(Data for this task Opens)

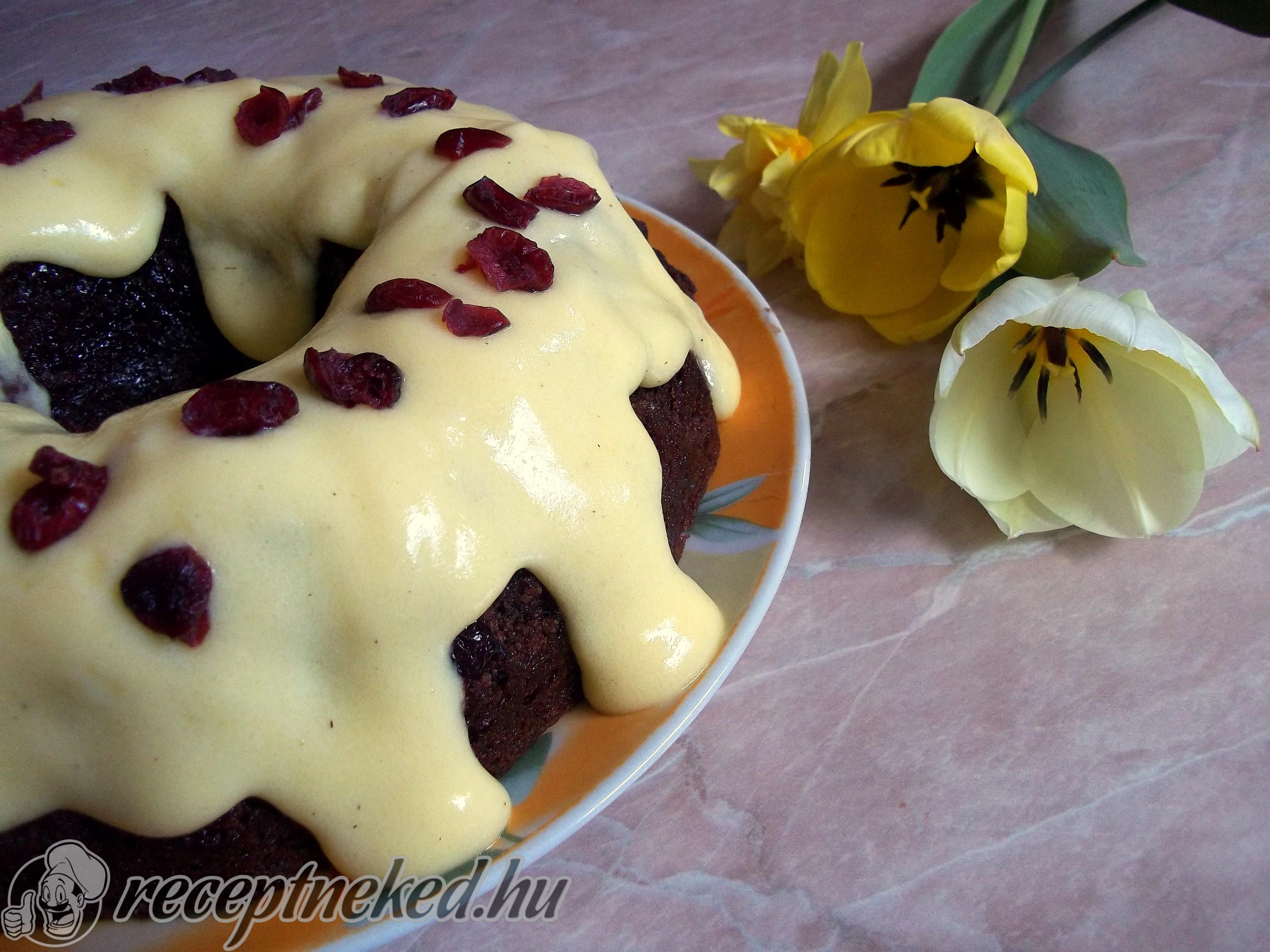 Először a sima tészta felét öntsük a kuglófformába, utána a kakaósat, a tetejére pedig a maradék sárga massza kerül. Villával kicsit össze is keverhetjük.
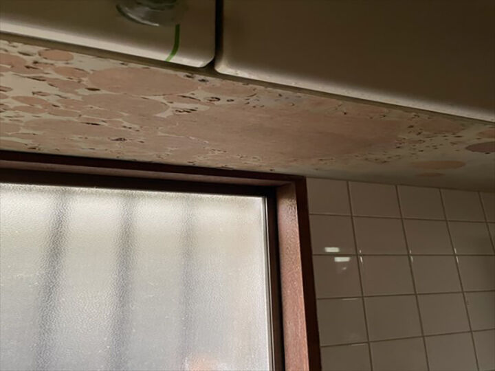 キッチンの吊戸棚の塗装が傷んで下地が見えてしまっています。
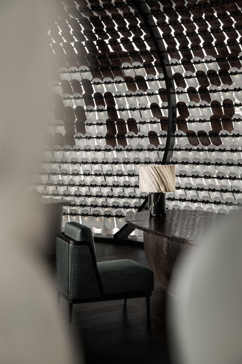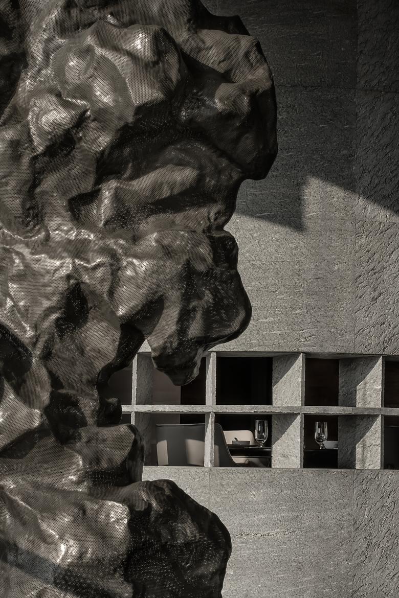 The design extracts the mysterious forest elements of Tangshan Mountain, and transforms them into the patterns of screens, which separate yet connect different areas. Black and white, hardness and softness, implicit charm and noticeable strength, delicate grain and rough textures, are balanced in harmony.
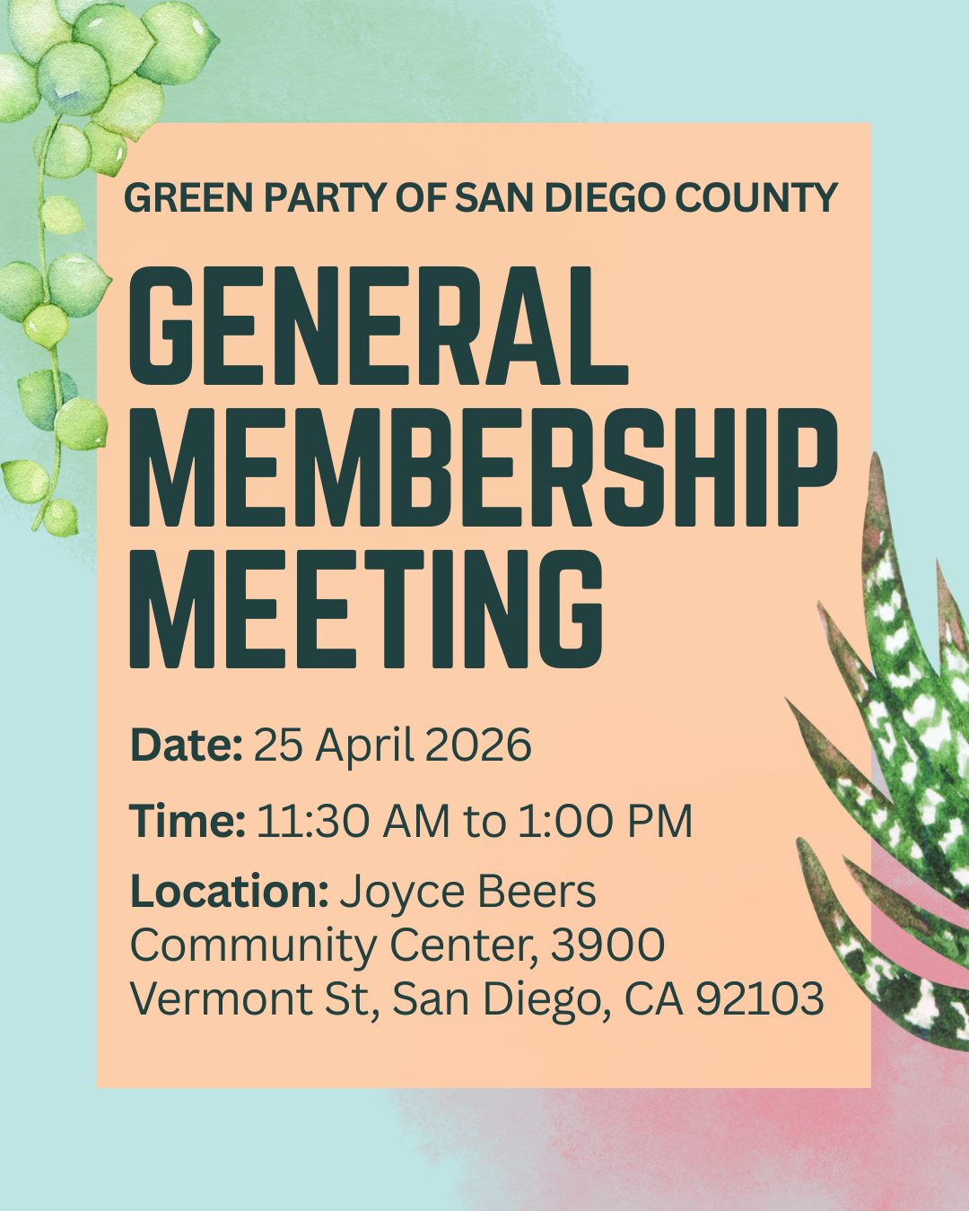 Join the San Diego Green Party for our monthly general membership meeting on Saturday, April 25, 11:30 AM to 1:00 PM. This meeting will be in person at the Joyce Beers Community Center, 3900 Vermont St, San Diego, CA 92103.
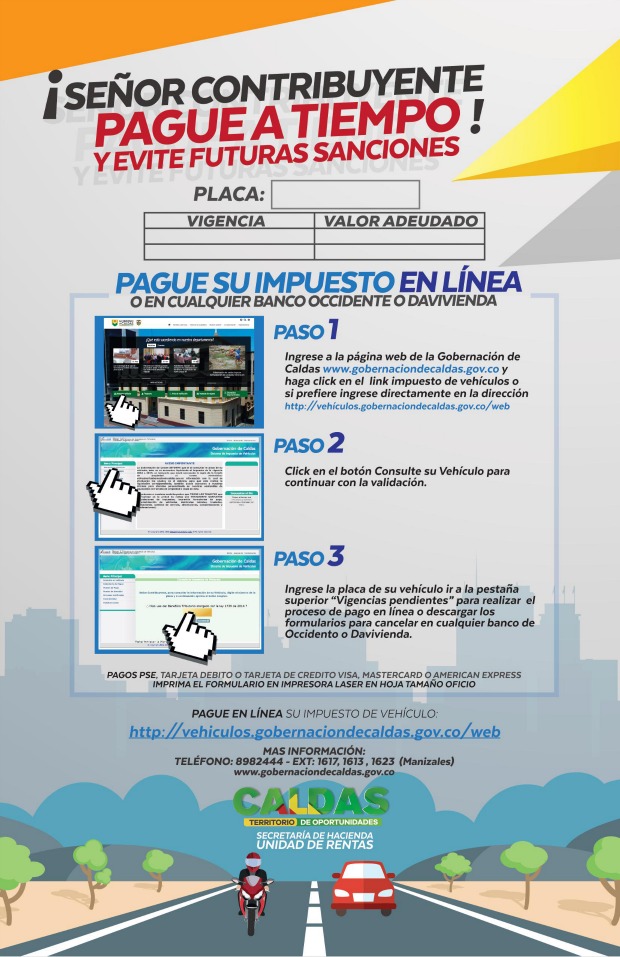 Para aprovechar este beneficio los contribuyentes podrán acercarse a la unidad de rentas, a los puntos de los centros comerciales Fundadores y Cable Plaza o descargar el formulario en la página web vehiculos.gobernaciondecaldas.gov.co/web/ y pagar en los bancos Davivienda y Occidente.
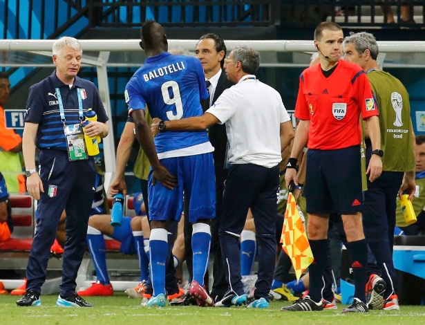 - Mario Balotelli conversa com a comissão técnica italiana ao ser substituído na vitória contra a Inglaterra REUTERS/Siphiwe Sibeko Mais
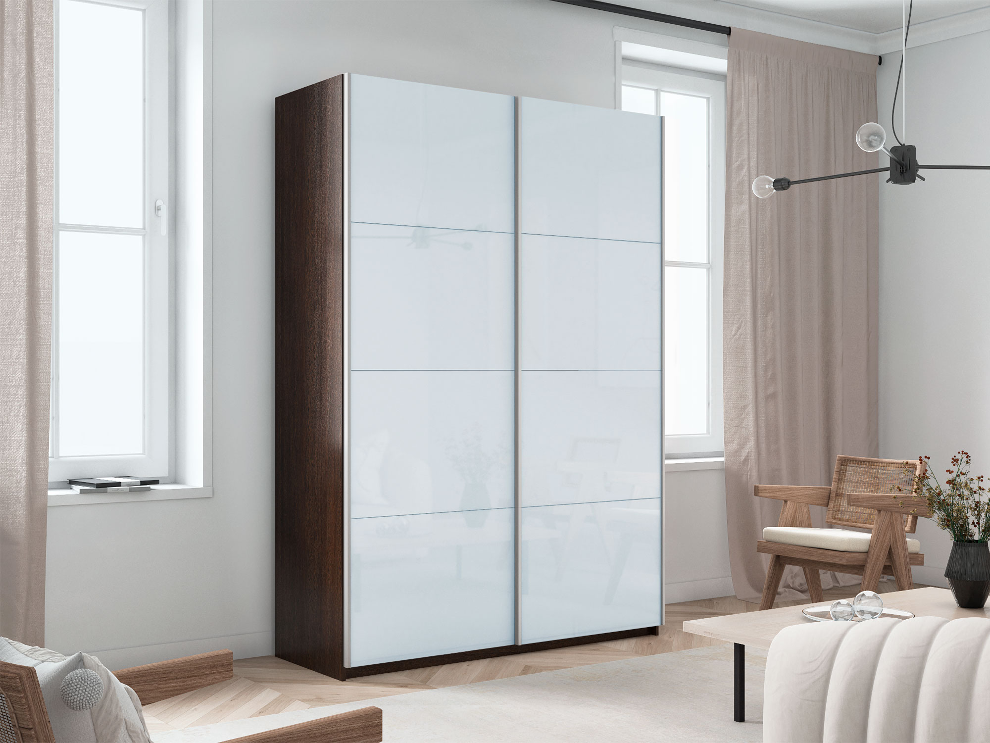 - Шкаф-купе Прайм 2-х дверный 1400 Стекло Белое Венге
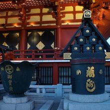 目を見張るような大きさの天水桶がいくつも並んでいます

(Data for this task Closes)

§ What needs to be done
Your task is to quote exactly the lines from the one with "キッチンの吊戸棚の塗装が傷んで下地が見えてしまっています。" through the end of the material, both included, without reproducing any pictures.

§ Exercise response
 キッチンの吊戸棚の塗装が傷んで下地が見えてしまっています。
 The design extracts the mysterious forest elements of Tangshan Mountain, and transforms them into the patterns of screens, which separate yet connect different areas. Black and white, hardness and softness, implicit charm and noticeable strength, delicate grain and rough textures, are balanced in harmony.
 Join the San Diego Green Party for our monthly general membership meeting on Saturday, April 25, 11:30 AM to 1:00 PM. This meeting will be in person at the Joyce Beers Community Center, 3900 Vermont St, San Diego, CA 92103.
 Para aprovechar este beneficio los contribuyentes podrán acercarse a la unidad de rentas, a los puntos de los centros comerciales Fundadores y Cable Plaza o descargar el formulario en la página web vehiculos.gobernaciondecaldas.gov.co/web/ y pagar en los bancos Davivienda y Occidente.
 - Mario Balotelli conversa com a comissão técnica italiana ao ser substituído na vitória contra a Inglaterra REUTERS/Siphiwe Sibeko Mais
 - Шкаф-купе Прайм 2-х дверный 1400 Стекло Белое Венге
 目を見張るような大きさの天水桶がいくつも並んでいます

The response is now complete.